Ethanol has boiling of 78.5 while dimethyl ether has boiling point of -24.9;so account for this diffrence in boiling points since they both have the same molecular weight.how can this be explained using diagrams?
Hydrogen bonding
The boiling points of compounds can be influenced by various factors, including intermolecular forces and molecular shape. In order to explain the difference in boiling points between ethanol and dimethyl ether, we can examine their molecular structures using diagrams.
Ethanol (C2H5OH) has a hydroxyl (-OH) group attached to a two-carbon chain. On the other hand, dimethyl ether (CH3OCH3) has two methyl (-CH3) groups attached to an oxygen atom. Both compounds have the same molecular weight, but their boiling points differ significantly.

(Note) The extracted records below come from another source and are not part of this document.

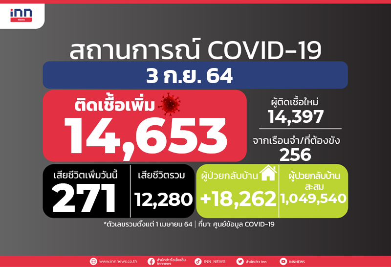 ศูนย์ข้อมูล COVID19 เปิดเผยรายงานล่าสุดเกี่ยวกับสถานการณ์การแพร่ระบาดโควิด 19 ของประเทศไทย ประจำวันศุกร์ที่ 3 ก.ย. 2564 มีผู้ติดเชื้อรายใหม่ รวม 14,653 ราย ลดลงจากวันก่อน โดยแบ่งเป็น ผู้ติดเชื้อทั่วไป 14,397 ราย และ ผู้ติดเชื้อภายในเรือนจำ 256 ราย ทำให้มีผู้ป่วยสะสม 1,249,140 ราย (เฉพาะตั้งแต่ 1 เม.ย. เป็นต้นมา 1,220,277 ราย) และมีผู้เสียชีวิตอีก 271 ราย เพิ่มขึ้นจากวานนี้ รวมมีผู้เสียชีวิตจากโควิด 19 แล้ว 12,374 ราย (เฉพาะตั้งแต่ 1 เม.ย. เป็นต้นมา 12,280 ราย)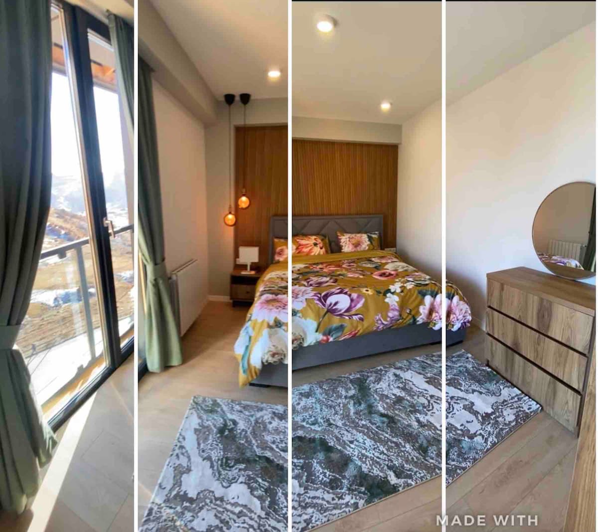 Estimados huéspedes, si quieren alojarse en un acogedor apartamento de lujo con impresionantes vistas a la montaña y a 1 minuto a pie del loft de esquí, el mini mercado y los restaurantes, este es el mejor lugar para alojarse. El departamento está totalmente equipado con todo lo necesario para tu estancia. Las características del apartamento incluyen wifi, TV inteligente, cama tamaño queen, sofá plegable, cocina americana completa, baño con secador de pelo y mucho más. Como extra, hay una pista de esquí justo enfrente del apartamento. ¿Por qué esperar? Reserva
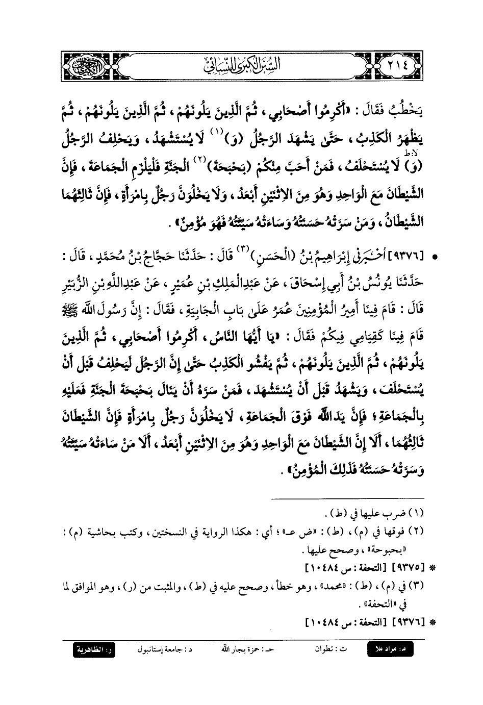 9375- أَخبَرنا قُرَيْشُ بنُ عَبدِ الرَّحمَنِ، قَالَ: حَدثنا عَليُّ بنُ الحَسَنِ، قَالَ: أَخبَرنا الحُسَيْنُ بنُ وَاقِدٍ، قَالَ: حَدثنا عَبدُ المَلِكِ بنُ عُمَيْرٍ، قَالَ: سَمِعْتُ ابنَ الزُّبَيْرِ يَقُولُ: سَمِعْتُ عُمَرَ بْنَ الخَطَّابِ يَخْطُبُ يَقُولُ: سَمِعْتُ رَسُولَ اللهِ صَلى الله عَلَيهِ وسَلم يَخْطُبُ فَقَالَ: أَكْرِمُوا أَصْحَابِي، ثُمَّ الَّذِينَ يَلُونَهُمْ، ثُمَّ الَّذِينَ يَلُونَهُمْ، ثُمَّ يَظْهَرُ الكَذِبُ، حَتَّى يَشْهَدَ الرَّجُلُ وَلا يُسْتَشْهَدُ، وَيَحْلِفَ الرَّجُلُ، وَلا يُسْتَحْلَفُ، فَمَنْ أَحَبَّ مِنْكُمْ بَحْبَحَةَ الجَنَّةِ، فَلْيَلْزَمِ الجَمَاعَةَ، فَإِنَّ الشَّيْطَانَ مَعَ الوَاحِدِ، وَهُوَ مِنَ الاِثْنَيْنِ أَبَعْدُ، وَلا يَخْلُوَنَّ رَجُلٌ بِامْرَأَةٍ، فَإِنَّ ثَالِثَهُمَا الشَّيْطَانُ، وَمَنْ سَرَّتْهُ حَسَنَتُهُ وَسَاءَتْهُ سَيِّئَتُهُ، فَهُوَ مُؤْمِنٌ.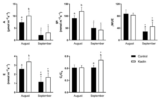 Leaf gas exchange parameters of Touriga Nacional control and kaolin-treated grapevines at midday (14:00 GTM+1). Stomatal conductance (gs, mmol m−2 s−1), net CO2 assimilation rate (A, µmol m−2 s−1), intrinsic water use efficiency (A/gs, µmol mol−1), intercellular CO2 concentration (Ci), ratio of intercellular to atmospheric CO2 concentration (Ci/Ca), and transpiration rate (E, mmol m−2 s−1). Data are mean ± SD of six replicates. Different lower-case letters represent significant differences between treatments (control vs. kaolin-treated) within each month. * p < 0.05 represent significant differences between sampling months (August vs. September) within each treatment.

To analyze the difference in boiling points, we can consider the intermolecular forces present in each compound. In the case of ethanol, the hydroxyl group allows for hydrogen bonding to occur. Hydrogen bonding is a strong intermolecular force in which hydrogen is partially positive and attracted to highly electronegative atoms, such as oxygen. This extra intermolecular force leads to stronger attractions between ethanol molecules, requiring more energy to break these bonds and reach its boiling point of 78.5 °C.

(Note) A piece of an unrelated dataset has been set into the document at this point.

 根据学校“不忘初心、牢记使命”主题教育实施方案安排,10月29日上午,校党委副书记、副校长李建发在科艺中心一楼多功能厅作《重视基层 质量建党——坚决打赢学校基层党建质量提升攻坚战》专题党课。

However, dimethyl ether lacks a hydrogen attached to an oxygen atom and, therefore, cannot form hydrogen bonds. Instead, it experiences weaker London dispersion forces. These forces arise due to temporary shifts in electron density, creating temporary dipoles that attract neighboring molecules. Since London dispersion forces are generally weaker than hydrogen bonding, less energy is required to overcome these forces in dimethyl ether, resulting in a lower boiling point of -24.9 °C.
Therefore, the difference in boiling points between ethanol and dimethyl ether can be explained by the presence of hydrogen bonding in ethanol, which is absent in dimethyl ether. The formation of stronger intermolecular hydrogen bonds in ethanol requires more energy to break, leading to a higher boiling point.